Заговорив об отце, он сказал:
— Что делать, он любит, зато и мучает княжну Марью, так видно надо — пауку заесть муху, а отцу заесть жизнь княжны Марьи. И она довольна. Она съест бога своего с вином и хлебом, сколько б не унижал и не мучал отец. Так надо видно.
О себе он говорил тоже. — Стоило мне только надеть генеральские эполеты, и все воображают, что я генерал и что-нибудь понимаю, а я никуда не гожусь, другие все таки еще хуже меня. Да, tout est pour le mieux dans le meilleur des mon despossibles.[3855] Taк я буду иметь удовольствие встретить твоего милого beau-frèr’a в Вильне? Это хорошо. И твою милую супругу? Mon cher, ты в выгоде, право, хорошая жена жила бы с тобою. Это еще хуже. Ну так и прощай. Или ты посидишь? — сказал он вставая и пошел одеваться. Pierre ничего не мог[3856] придумать. Ему было едва ли не тяжелее своего друга. Он хотя никак и не ждал, чтобы князь Андрей так больно принял это дело, но, увидав, как он его принял, Pierre не удивлялся.
«Однако, я виноват и во всем, во всем, я не должен это так оставить», думал он, вспоминая, каким легким представлял он себе примирение и как теперь оно казалось ему невозможно. «Однако, надо сделать всё, что я хотел». Он вспомнил приготовленную наперед речь и пошел говорить ее князю Андрею, как бы она ни была некстати. Он вошел к князю Андрею.
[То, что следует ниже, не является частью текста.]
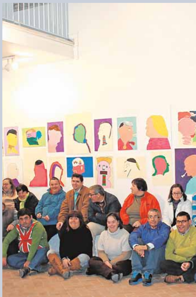
JUAN LUIS MÁRMOL

Este fin de semana será el último para visitar la exposición «Barbie y la historia de la moda» que acoge el Museo Histórico Municipal de Écija, en la que se muestra a la famosa figura caracterizada como diferentes personajes ilustres y representativos de la historia y vestida con piezas únicas. Hasta el 13 de enero en el Museo Histórico Municipal de Écija.

Болконский сидел и читал какое-то письмо, лакей укладывался на полу. Болконский сердито посмотрел на Pierr'a. Но Pierre решительно начал то, что хотел.
— Помните вы наш спор в Петербурге? — сказал он, — помните о N. H.?
— Помню, — поспешно ответил князь Андрей. — Я говорил, что падшую женщину надо простить, я говорил это, но я не говорил, что я могу простить. Я не могу.
— André, — сказал Pierre.
Князь Андрей перебил его. — Ежели ты хочешь быть моим другом, не говори со мной никогда про эту... про всё это. Ну, прощай. Готово? — крикнул он на лакея.
— Никак нет-с.[3857]
— А я тебе сказал, чтоб было готово, а я тебе сказал, мерзавец.[3858] Вон.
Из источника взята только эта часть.